- Assignment
Please repeat, exactly and without pictures, the lines of the entries below that run from the one containing "الشكل ذو الرقم (4)" through the one containing "Auf der Zugspitze".

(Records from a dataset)
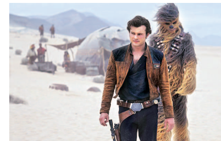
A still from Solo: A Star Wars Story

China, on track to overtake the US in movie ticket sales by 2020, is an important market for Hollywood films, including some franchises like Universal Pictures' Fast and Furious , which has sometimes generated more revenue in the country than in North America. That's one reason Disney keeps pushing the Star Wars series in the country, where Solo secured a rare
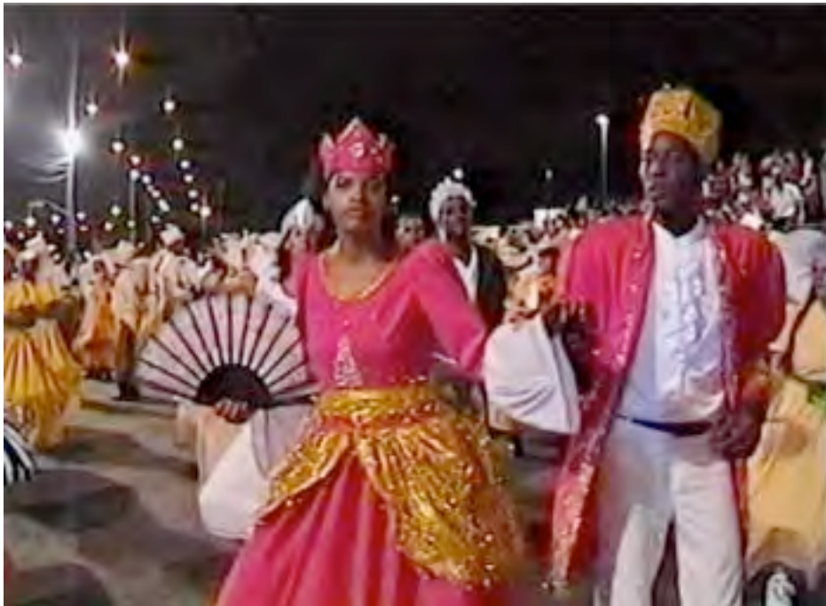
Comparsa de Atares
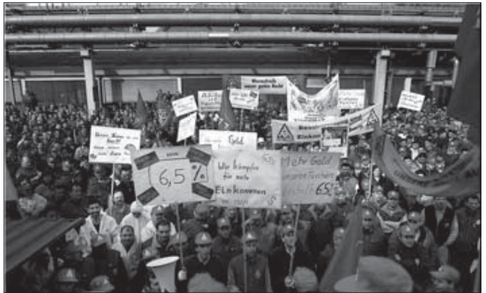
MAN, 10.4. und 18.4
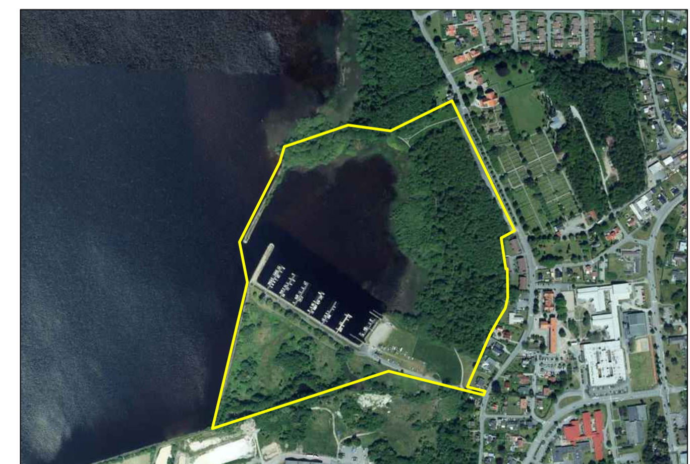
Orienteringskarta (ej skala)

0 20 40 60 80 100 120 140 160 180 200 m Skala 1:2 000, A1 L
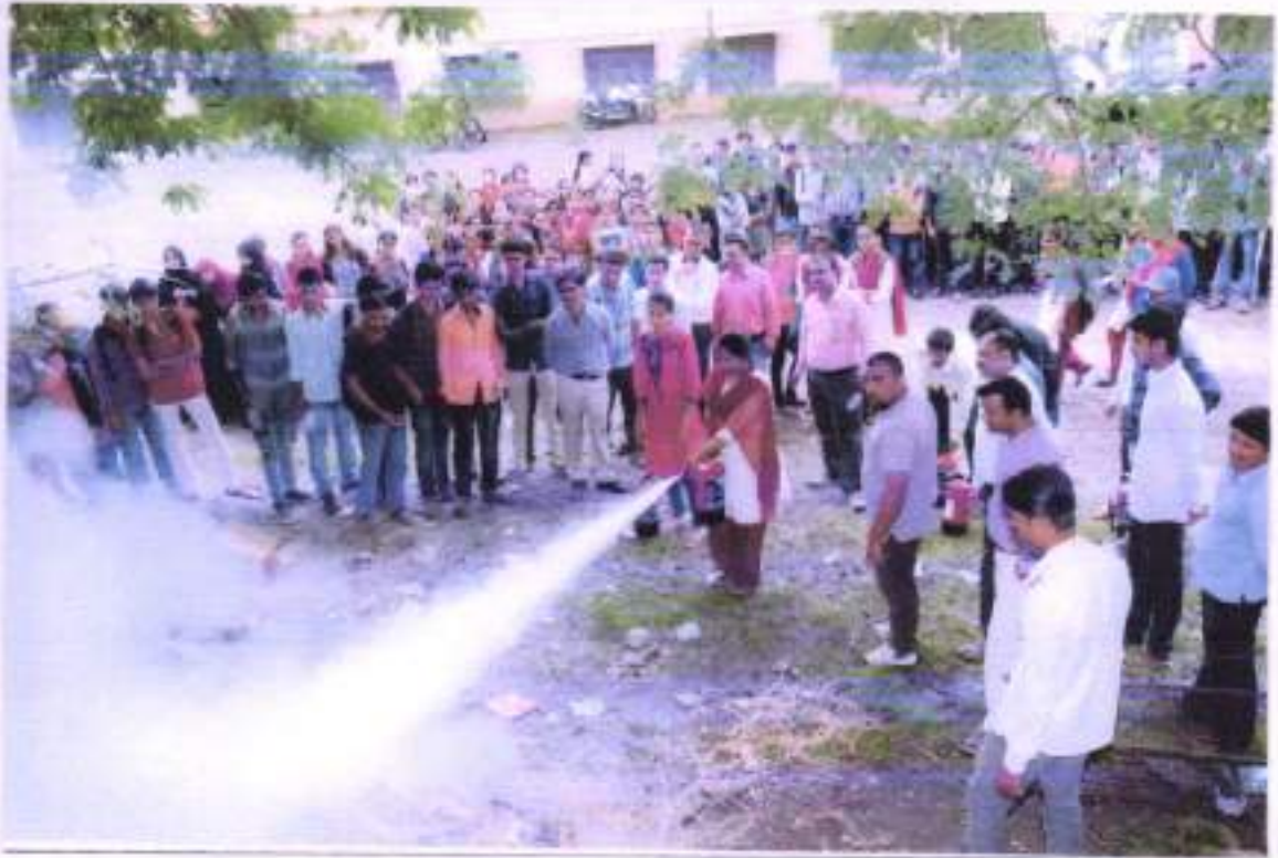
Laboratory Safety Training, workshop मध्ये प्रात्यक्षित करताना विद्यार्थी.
---
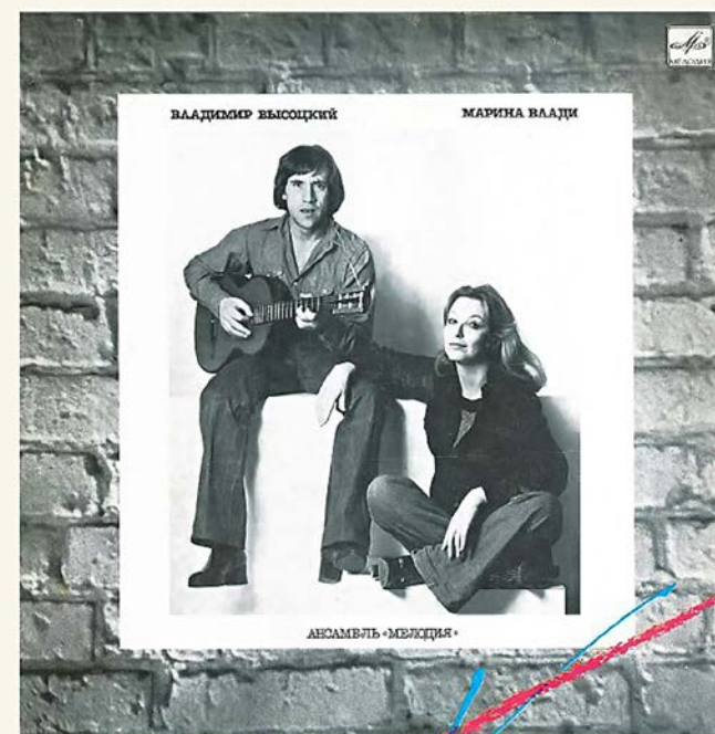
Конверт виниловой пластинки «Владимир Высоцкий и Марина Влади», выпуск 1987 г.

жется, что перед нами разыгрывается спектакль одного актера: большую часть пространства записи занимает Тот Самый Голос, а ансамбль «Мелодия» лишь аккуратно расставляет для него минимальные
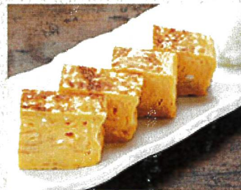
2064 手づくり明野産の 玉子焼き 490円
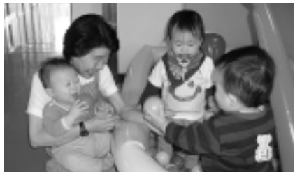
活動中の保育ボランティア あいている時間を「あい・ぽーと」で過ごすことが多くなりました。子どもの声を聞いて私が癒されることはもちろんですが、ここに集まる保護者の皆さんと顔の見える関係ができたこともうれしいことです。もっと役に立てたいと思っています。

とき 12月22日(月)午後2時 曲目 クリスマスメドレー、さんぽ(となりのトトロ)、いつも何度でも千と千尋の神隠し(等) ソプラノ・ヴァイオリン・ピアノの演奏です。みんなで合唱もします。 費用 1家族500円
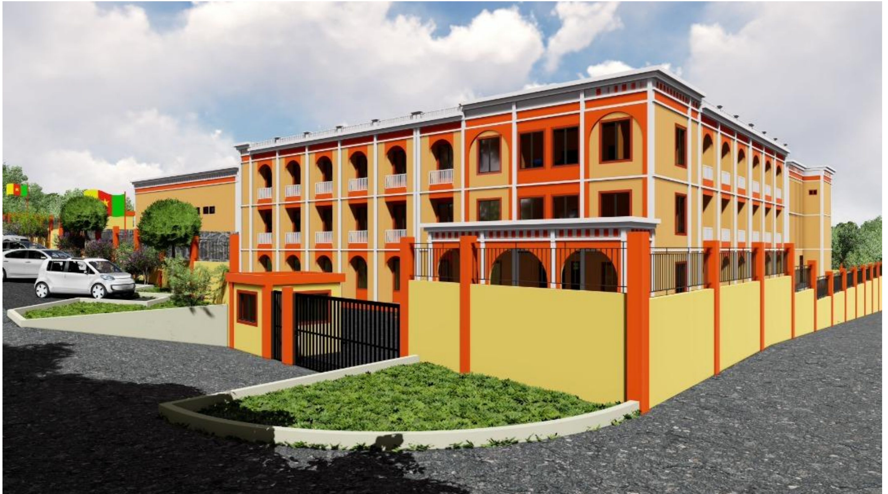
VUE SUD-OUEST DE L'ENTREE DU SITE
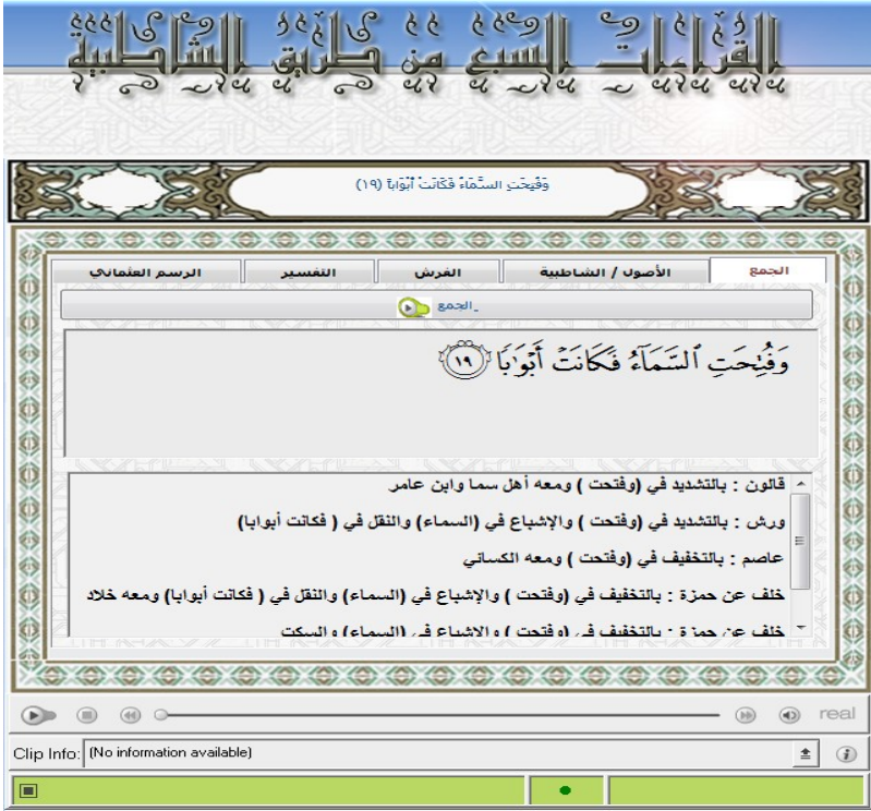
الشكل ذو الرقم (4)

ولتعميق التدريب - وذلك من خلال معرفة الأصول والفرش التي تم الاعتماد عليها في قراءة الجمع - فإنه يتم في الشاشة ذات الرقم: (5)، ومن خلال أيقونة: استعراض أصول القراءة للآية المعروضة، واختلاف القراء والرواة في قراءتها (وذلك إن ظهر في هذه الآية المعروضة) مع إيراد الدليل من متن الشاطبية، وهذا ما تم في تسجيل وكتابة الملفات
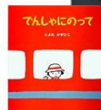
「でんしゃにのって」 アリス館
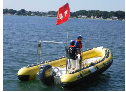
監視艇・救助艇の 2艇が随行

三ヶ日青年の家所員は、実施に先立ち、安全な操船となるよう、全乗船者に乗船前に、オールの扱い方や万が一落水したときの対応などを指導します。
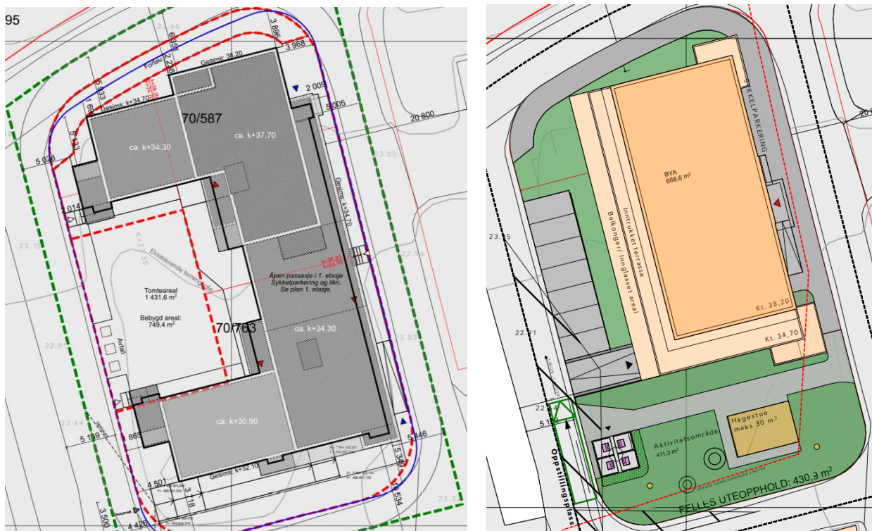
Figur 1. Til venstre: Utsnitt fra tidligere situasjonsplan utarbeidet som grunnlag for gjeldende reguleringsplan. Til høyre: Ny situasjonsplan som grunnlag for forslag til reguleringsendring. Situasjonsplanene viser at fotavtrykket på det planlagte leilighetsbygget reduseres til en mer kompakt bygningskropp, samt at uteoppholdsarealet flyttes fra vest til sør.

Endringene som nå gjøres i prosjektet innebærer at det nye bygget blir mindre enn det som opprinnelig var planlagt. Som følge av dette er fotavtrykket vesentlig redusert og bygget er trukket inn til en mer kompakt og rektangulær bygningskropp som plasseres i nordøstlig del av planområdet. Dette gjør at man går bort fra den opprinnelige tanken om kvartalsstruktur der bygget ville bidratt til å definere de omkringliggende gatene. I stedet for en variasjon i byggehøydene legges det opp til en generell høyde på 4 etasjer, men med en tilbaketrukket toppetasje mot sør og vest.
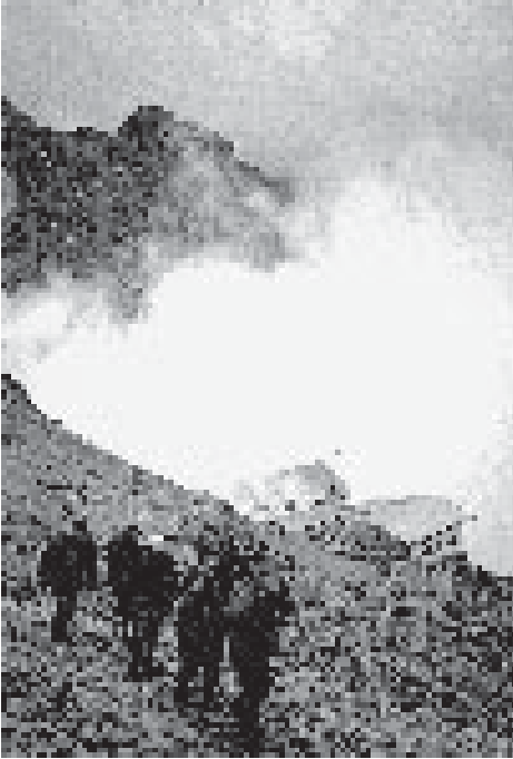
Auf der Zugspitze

- Final answer
الشكل ذو الرقم (4)

ولتعميق التدريب - وذلك من خلال معرفة الأصول والفرش التي تم الاعتماد عليها في قراءة الجمع - فإنه يتم في الشاشة ذات الرقم: (5)، ومن خلال أيقونة: استعراض أصول القراءة للآية المعروضة، واختلاف القراء والرواة في قراءتها (وذلك إن ظهر في هذه الآية المعروضة) مع إيراد الدليل من متن الشاطبية، وهذا ما تم في تسجيل وكتابة الملفات
「でんしゃにのって」 アリス館
監視艇・救助艇の 2艇が随行

三ヶ日青年の家所員は、実施に先立ち、安全な操船となるよう、全乗船者に乗船前に、オールの扱い方や万が一落水したときの対応などを指導します。
Figur 1. Til venstre: Utsnitt fra tidligere situasjonsplan utarbeidet som grunnlag for gjeldende reguleringsplan. Til høyre: Ny situasjonsplan som grunnlag for forslag til reguleringsendring. Situasjonsplanene viser at fotavtrykket på det planlagte leilighetsbygget reduseres til en mer kompakt bygningskropp, samt at uteoppholdsarealet flyttes fra vest til sør.

Endringene som nå gjøres i prosjektet innebærer at det nye bygget blir mindre enn det som opprinnelig var planlagt. Som følge av dette er fotavtrykket vesentlig redusert og bygget er trukket inn til en mer kompakt og rektangulær bygningskropp som plasseres i nordøstlig del av planområdet. Dette gjør at man går bort fra den opprinnelige tanken om kvartalsstruktur der bygget ville bidratt til å definere de omkringliggende gatene. I stedet for en variasjon i byggehøydene legges det opp til en generell høyde på 4 etasjer, men med en tilbaketrukket toppetasje mot sør og vest.
Auf der Zugspitze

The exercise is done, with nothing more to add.